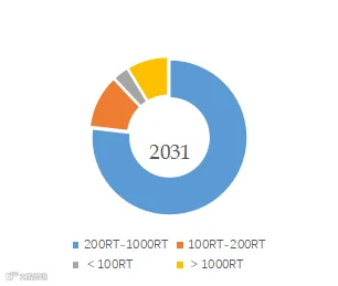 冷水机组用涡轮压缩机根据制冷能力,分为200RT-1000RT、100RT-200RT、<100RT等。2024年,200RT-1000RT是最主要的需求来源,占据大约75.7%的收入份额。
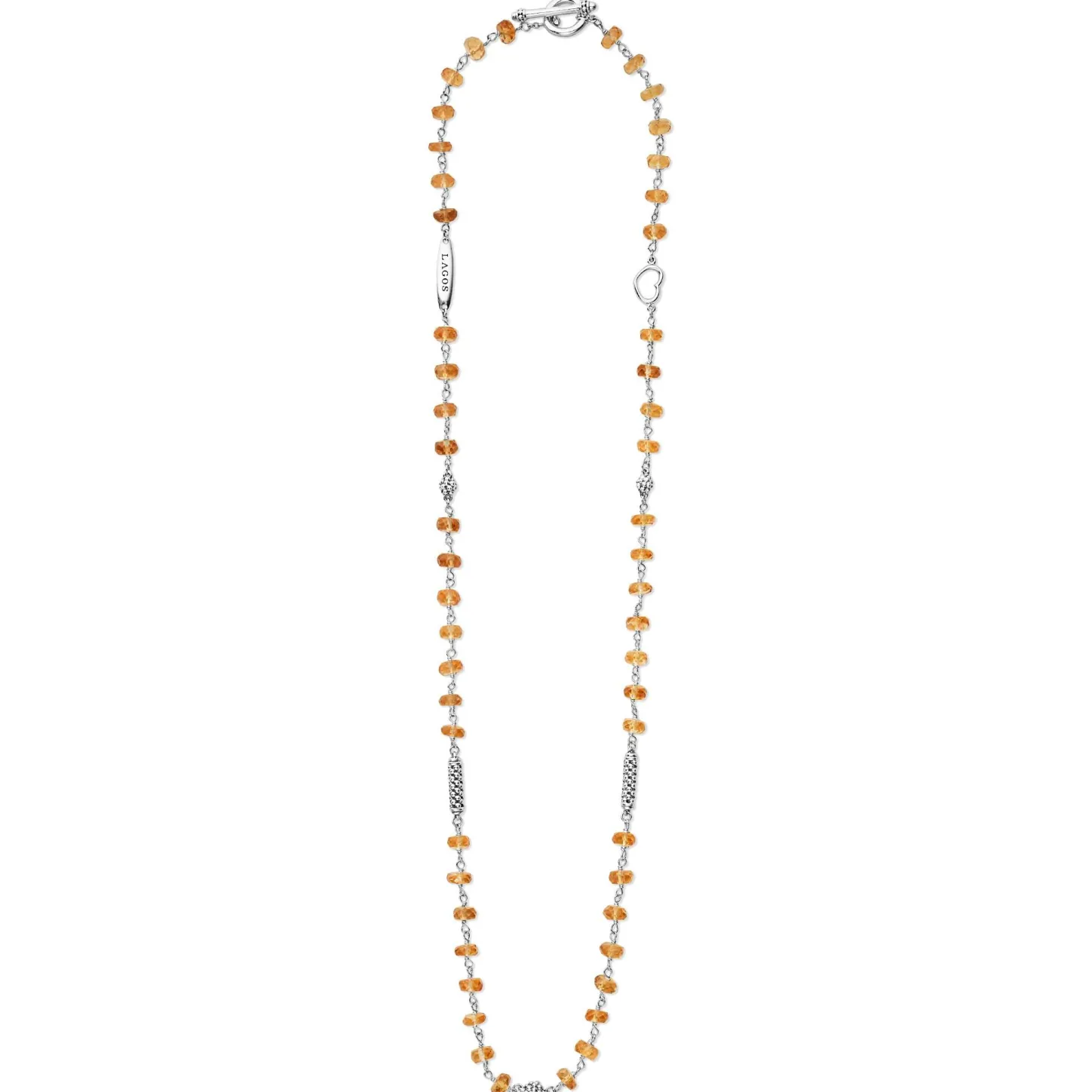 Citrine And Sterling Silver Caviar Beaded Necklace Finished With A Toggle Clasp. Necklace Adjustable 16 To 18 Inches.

***

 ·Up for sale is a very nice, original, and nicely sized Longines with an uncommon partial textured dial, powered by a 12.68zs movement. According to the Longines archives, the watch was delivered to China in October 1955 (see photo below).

***

Looking above, find the stretch of lines that opens with the one holding "冷水机组用涡轮压缩机根据制冷" and closes with the one holding "Citrine And Sterling". Copy it exactly, pictures excluded.

 冷水机组用涡轮压缩机根据制冷能力,分为200RT-1000RT、100RT-200RT、<100RT等。2024年,200RT-1000RT是最主要的需求来源,占据大约75.7%的收入份额。
 Citrine And Sterling Silver Caviar Beaded Necklace Finished With A Toggle Clasp. Necklace Adjustable 16 To 18 Inches.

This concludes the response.